• **Collected data**
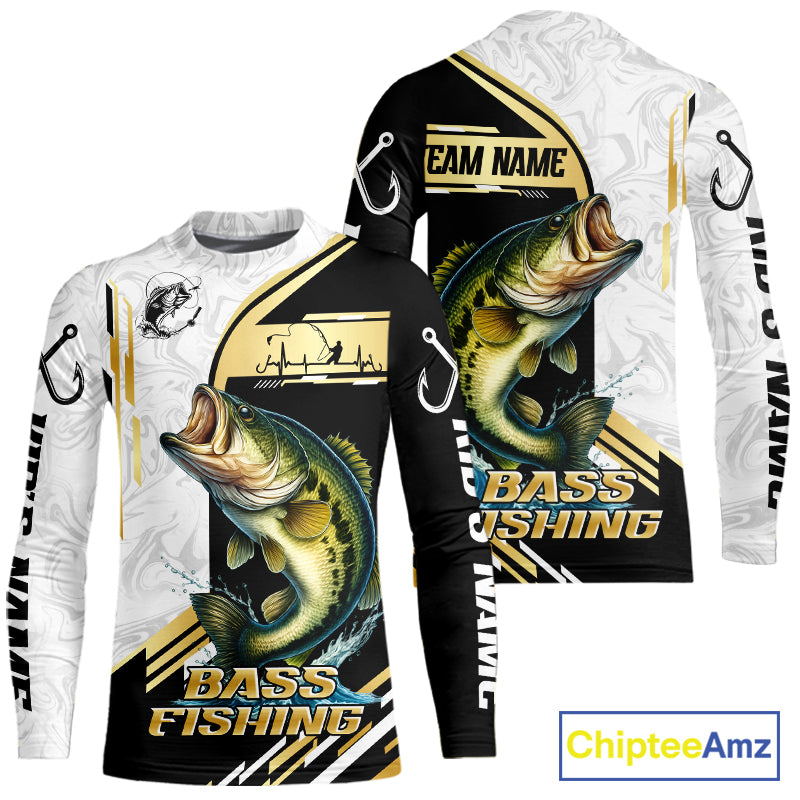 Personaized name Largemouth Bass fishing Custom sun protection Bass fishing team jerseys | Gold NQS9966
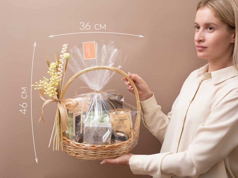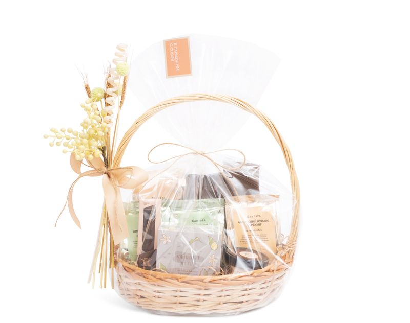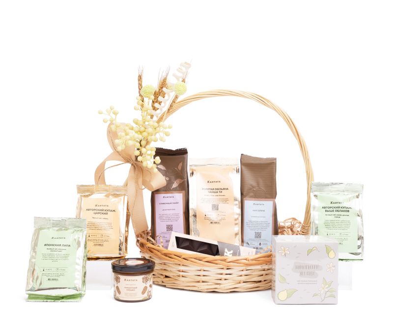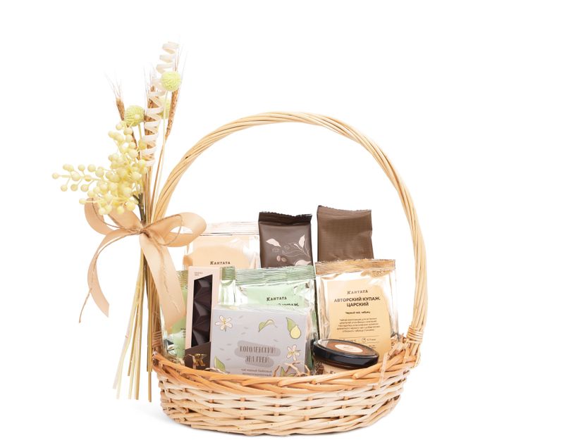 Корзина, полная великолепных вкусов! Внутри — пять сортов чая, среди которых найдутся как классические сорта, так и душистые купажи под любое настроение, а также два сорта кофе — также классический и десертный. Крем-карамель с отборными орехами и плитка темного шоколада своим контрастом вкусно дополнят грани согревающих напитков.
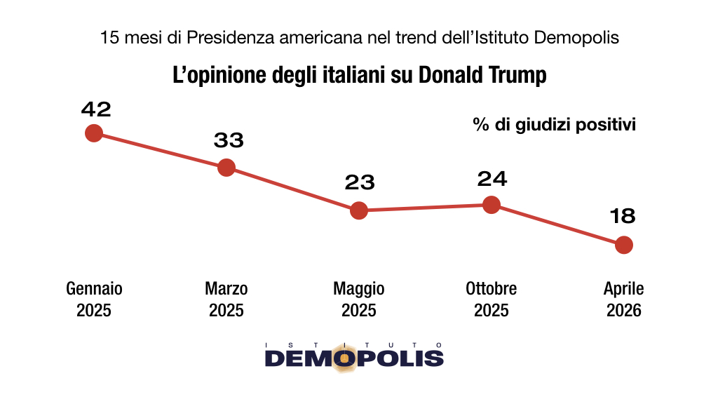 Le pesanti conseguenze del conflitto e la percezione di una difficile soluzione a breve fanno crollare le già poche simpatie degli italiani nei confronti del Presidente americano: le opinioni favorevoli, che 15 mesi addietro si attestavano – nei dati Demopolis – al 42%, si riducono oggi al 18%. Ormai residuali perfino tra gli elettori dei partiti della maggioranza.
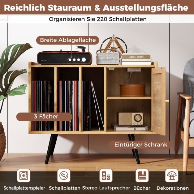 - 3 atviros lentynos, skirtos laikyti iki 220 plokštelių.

• **Your goal**
Beginning at the line with "Корзина, полная великолепных" and ending at the last line of the listing above, retype each line exactly, including those two lines. Leave the pictures out.

• **Result**
 Корзина, полная великолепных вкусов! Внутри — пять сортов чая, среди которых найдутся как классические сорта, так и душистые купажи под любое настроение, а также два сорта кофе — также классический и десертный. Крем-карамель с отборными орехами и плитка темного шоколада своим контрастом вкусно дополнят грани согревающих напитков.
 Le pesanti conseguenze del conflitto e la percezione di una difficile soluzione a breve fanno crollare le già poche simpatie degli italiani nei confronti del Presidente americano: le opinioni favorevoli, che 15 mesi addietro si attestavano – nei dati Demopolis – al 42%, si riducono oggi al 18%. Ormai residuali perfino tra gli elettori dei partiti della maggioranza.
 - 3 atviros lentynos, skirtos laikyti iki 220 plokštelių.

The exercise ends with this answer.